The researchers performed single-cell RNA sequencing (scRNA-seq) on stromal vascular fractions (SVFs) from SAT and VAT samples of eight gastric cancer patients (four with and four without CAC). CAC was defined by a greater than 5% weight loss and systemic inflammation. A total of 42,119 cells were sequenced, and 33,856 high-quality cells were analyzed. Unsupervised clustering and marker gene annotation identified nine major cell populations: adipose progenitors, various immune cells (T cells, NK cells, plasmacytoid dendritic cells), and blood vessel cells. The researchers then performed detailed analysis of progenitor populations and immune cell populations in both VAT and SAT from patients with and without CAC. They investigated the expression of genes related to various cellular processes and functions, including inflammation, metabolism, and immune responses. In vitro and in vivo studies were conducted to assess the causal role of specific immune cells in driving adipose catabolism.

The study identified nine major cell populations in the adipose tissue SVFs.
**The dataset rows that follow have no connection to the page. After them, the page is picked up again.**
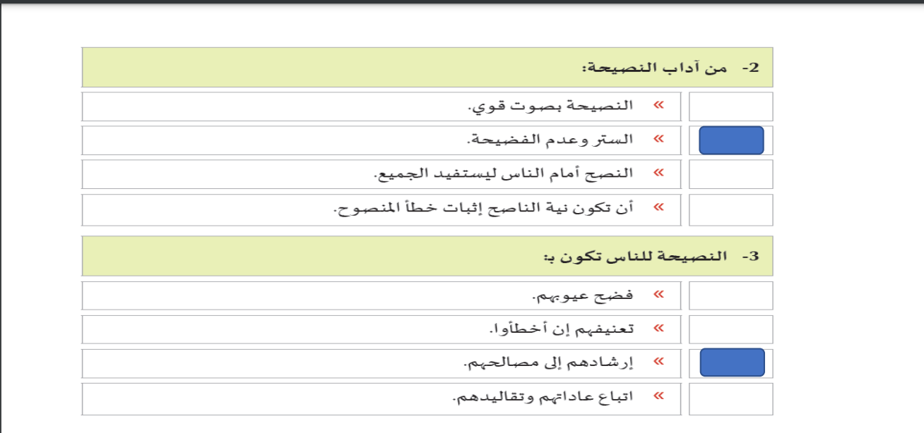 التدريبات مع الاجابات لدرس الدين النصيحه لمادة الشرعية الصف السابع الفصل الثاني المنهاج القطري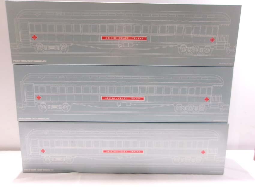 These are the #ART-31501 PRR Diner, #REA-31301 PRR Coach and #REA-31401 PRR Observation that Aristocraft made in G Scale a few years ago. Original Boxes. All Original in our Opinion. Please add $50.00 for US-48 Shipping and Insurance (more west of the Mississippi).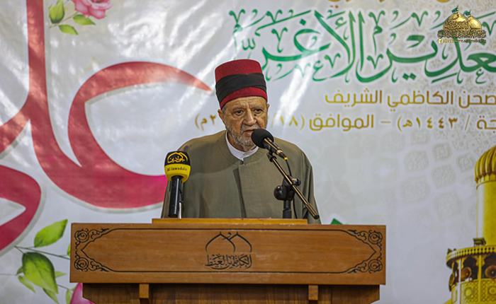 لمناسبة حلول عيد الغدير الأغر، يوم تجديد البيعة التي عقد لواءها النبي الأكرم محمد "صلى الله عليه وآله" بيده لعلي بن أبي طالب "عليه السلام" يوم الثامن عشر من ذي الحجة سنة 10هـ، ليسقي الوالهين من سلسبيل خيره وهدي نعمائه، ويفتح بمروره في كل عام العشق لمحمد النبي ولعلي الوصي وللأئمة من بعده "عليهم السلام" وإعلان العهد والولاء لصاحب الغدير وخليفة رسول ربّ العالمين على جميعِ المسلمين أمير المؤمنين الإمام علي بن أبي طالب "عليه السلام" بكل ألوان الولاء، فمن جنة الإمام الكاظم وحفيده الإمام الجواد "عليهما السلام"، شاركت الأمانة العامة للعتبة الكاظمية المقدسة الأمة الإسلامية أفراحها من خلال إقامة حفلها المركزي البهيج في رحاب صحن باب المراد، بحضور نائب الأمين العام للعتبة الكاظمية المقدسة المهندس سعد محمد حسن، وعددٍ من أعضاء مجلس الإدارة الموقر، والعديد من الشخصيات الحكومية والدينية والاجتماعية وجمع غفير من زائري الإمامين الجوادين "عليهما السلام".

While the overall distribution of cell types between CAC and non-CAC patients did not significantly differ, VAT showed significantly higher immune cell infiltration compared to SAT. Analysis of adipose progenitors revealed cachexia-specific alterations in both SAT and VAT, with decreased expression of genes involved in respiratory chain reactions. Macrophages exhibited a pro-inflammatory signature in CAC patients. Notably, CD8+ T cells in VAT showed a pro-inflammatory state with activated cytolytic effector pathways in CAC patients. In vitro experiments demonstrated a pro-catabolic effect of activated CD8+ T cells on adipocytes, and in vivo studies showed that macrophage depletion significantly reduced adipose catabolism and alleviated cachexia. These findings highlight the critical roles of macrophages and CD8+ T cells in driving adipose wasting in CAC.
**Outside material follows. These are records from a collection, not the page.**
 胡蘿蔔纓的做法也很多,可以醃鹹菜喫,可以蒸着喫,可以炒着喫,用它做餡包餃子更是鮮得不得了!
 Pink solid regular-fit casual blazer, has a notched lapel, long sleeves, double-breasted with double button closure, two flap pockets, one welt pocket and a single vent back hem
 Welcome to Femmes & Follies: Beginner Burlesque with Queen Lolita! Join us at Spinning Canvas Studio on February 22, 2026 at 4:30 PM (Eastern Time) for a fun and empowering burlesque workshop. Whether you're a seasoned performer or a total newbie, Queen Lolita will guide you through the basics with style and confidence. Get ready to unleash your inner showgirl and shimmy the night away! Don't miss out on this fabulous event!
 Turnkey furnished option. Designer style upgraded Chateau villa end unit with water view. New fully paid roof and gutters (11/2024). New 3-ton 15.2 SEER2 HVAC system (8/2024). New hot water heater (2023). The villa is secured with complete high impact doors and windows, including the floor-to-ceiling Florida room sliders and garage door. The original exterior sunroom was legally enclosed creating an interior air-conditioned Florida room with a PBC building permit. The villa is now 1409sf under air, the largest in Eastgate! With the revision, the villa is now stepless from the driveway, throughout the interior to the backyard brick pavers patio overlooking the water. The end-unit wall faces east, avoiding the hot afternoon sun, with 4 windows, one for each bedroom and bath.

The study's findings provide strong evidence for a central role of chronic inflammation and immune cell dysregulation in the pathogenesis of CAC-associated adipose wasting. The identification of specific immune cell populations (macrophages and CD8+ T cells) with pro-catabolic and pro-inflammatory activities opens up new avenues for therapeutic intervention. The depot-specific differences observed, particularly the higher immune infiltration in VAT, suggest that therapies may need to target specific adipose depots. Future research could investigate the precise mechanisms by which these immune cells contribute to adipose catabolism and explore the possibility of targeting these pathways to develop effective CAC treatments.

This study provides novel insights into the cellular mechanisms underlying adipose wasting in CAC using single-cell transcriptomics. The identification of specific immune cells, particularly activated CD8+ T cells and macrophages, as key drivers of adipose catabolism highlights potential therapeutic targets for treating CAC. Further research could focus on characterizing the precise molecular mechanisms involved and exploring the translational potential of these findings for developing novel treatment strategies.
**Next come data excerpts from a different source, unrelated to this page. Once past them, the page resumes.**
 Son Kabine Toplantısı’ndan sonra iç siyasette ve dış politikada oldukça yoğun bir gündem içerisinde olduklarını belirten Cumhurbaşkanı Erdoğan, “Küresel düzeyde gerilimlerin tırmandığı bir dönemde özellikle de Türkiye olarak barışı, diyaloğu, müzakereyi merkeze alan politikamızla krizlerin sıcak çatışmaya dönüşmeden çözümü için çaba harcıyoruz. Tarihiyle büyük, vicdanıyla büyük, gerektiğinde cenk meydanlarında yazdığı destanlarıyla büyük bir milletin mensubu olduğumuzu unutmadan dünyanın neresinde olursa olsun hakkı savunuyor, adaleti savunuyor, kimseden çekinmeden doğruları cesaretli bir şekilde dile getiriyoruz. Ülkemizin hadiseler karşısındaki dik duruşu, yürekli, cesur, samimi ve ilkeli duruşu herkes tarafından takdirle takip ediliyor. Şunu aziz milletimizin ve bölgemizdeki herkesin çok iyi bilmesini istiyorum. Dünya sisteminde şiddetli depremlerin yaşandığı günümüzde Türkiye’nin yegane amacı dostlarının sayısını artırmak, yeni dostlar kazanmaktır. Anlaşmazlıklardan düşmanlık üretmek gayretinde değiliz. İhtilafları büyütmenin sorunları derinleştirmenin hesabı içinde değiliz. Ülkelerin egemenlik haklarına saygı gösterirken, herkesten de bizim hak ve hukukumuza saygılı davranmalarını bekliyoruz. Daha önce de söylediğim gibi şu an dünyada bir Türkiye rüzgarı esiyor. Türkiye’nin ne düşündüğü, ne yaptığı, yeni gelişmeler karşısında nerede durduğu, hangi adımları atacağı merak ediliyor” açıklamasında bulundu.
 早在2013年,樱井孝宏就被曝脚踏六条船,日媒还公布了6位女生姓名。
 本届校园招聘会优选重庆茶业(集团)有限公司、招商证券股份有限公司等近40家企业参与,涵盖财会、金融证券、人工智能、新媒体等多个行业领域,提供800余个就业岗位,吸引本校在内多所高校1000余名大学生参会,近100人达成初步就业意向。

The study is limited by its relatively small sample size (eight patients). Further research with larger cohorts is needed to validate these findings. The study primarily focused on gastric cancer patients; therefore, the generalizability of these findings to other cancer types needs to be established. The functional roles of specific immune cells were investigated using in vitro and in vivo models; however, further mechanistic studies are warranted.